Metro operators have opened the doors before the trains have fully reached the platform at least 13 times this year, including five times since operators began a new policy of opening the doors manually 16 days ago, Metro officials acknowledged.

The number of incidents call into question the agency’s April 14 decision to disable the automatic door system because of four incidents of doors opening on the wrong side this year.

The incidents comprise some of Metro’s most serious safety violations because passengers who are leaning on the car doors or who accidentally exit the cars when the doors are opened could fall onto the tracks.

The door errors occur when operators forget they are driving eight-car trains instead of six-car trains, and leave the back two railcars waiting in the tunnel, officials said.

Metro officials said last month that they disabled the system’s automatic door feature April 14 because it had erroneously opened the doors on the wrong side of the train four times in 100 days.

Operators must now manually press a button to open the train doors at each station.

But since the 16-day-old policy change, operators have opened the doors off-platform five times, including once Wednesday morning on an Orange Line train at the Rosslyn station, sources within the agency said. The sources, who spoke on the condition of anonymity for fear of retribution, said operators have opened the doors off-platform or on the wrong side of the train 33 times this year.

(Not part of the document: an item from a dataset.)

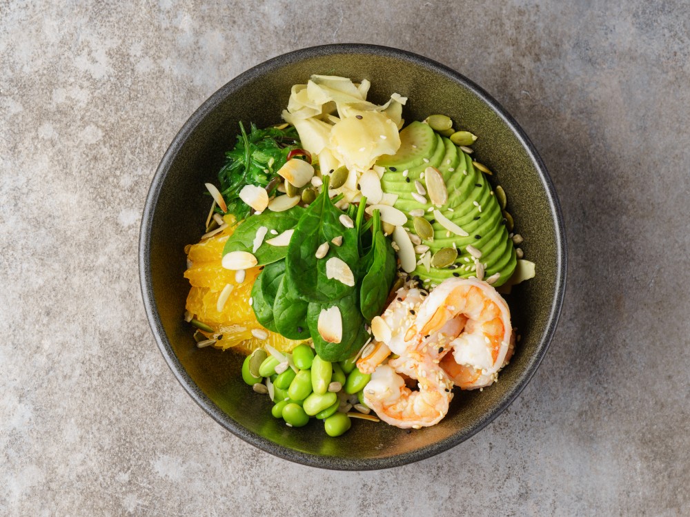 рис, креветки, авокадо, сегменты апельсина, чука, бобы эдамаме, микс салата, маринованный имбирь, ореховый соус, соус понзу, микс орехов.
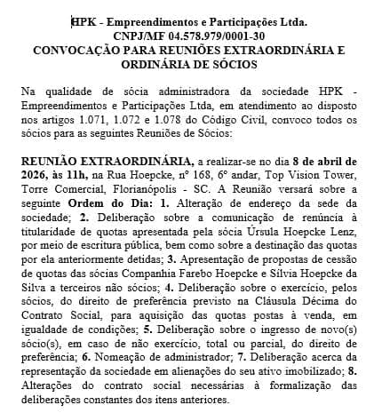 A reunião extraordinária está marcada para o dia 8 de abril de 2026, às 11h, na Rua Hoepcke, nº 168, 6º andar, Top Vision Tower, Torre Comercial, em Florianópolis. Entre os principais pontos da ordem do dia estão a alteração do endereço da sede da sociedade, deliberação sobre a renúncia de quotas apresentada pela sócia Úrsula Hoepcke Lenz e a destinação das participações anteriormente detidas por ela.

Metro rail chief Dave Kubicek said he found 13 recorded incidents.

“I’m very upset about this,” Metro General Manager John Catoe said.

“I have told our management team I don’t want excuses, I just want you to figure out how we get our operators to understand when they have an eight-car train and when they have a six-car train.

“This is a new requirement for our operators, but it’s not a very difficult requirement that we’re asking for,” he said.

Catoe said it is a training issue and could be as simple as putting a sticker on the operator’s windshield that says “six” or “eight.”

Operators said they can become confused because they often switch between eight- and six-car trains several times in one shift.

“There’s no set pattern,” one operator said. “It’s very confusing, and we’re humans. We’re trying to meet an on-the-minute schedule.”

Catoe said he believes the agency made the right decision in disabling the automatic feature because he thinks the number of door errors due to human error will decrease as the operators become used to the policy, but that the mechanical errors would have worsened with time.

The automatic door system should be fixed by the end of the year, he said. Operators who open the doors off-platform receive 12-day, unpaid suspensions for the first violation, the same suspension and an 18-month demotion for the second violation, and are permanently barredfrom operating trains after three violations.

Operators in other transit agencies routinely open train doors manually.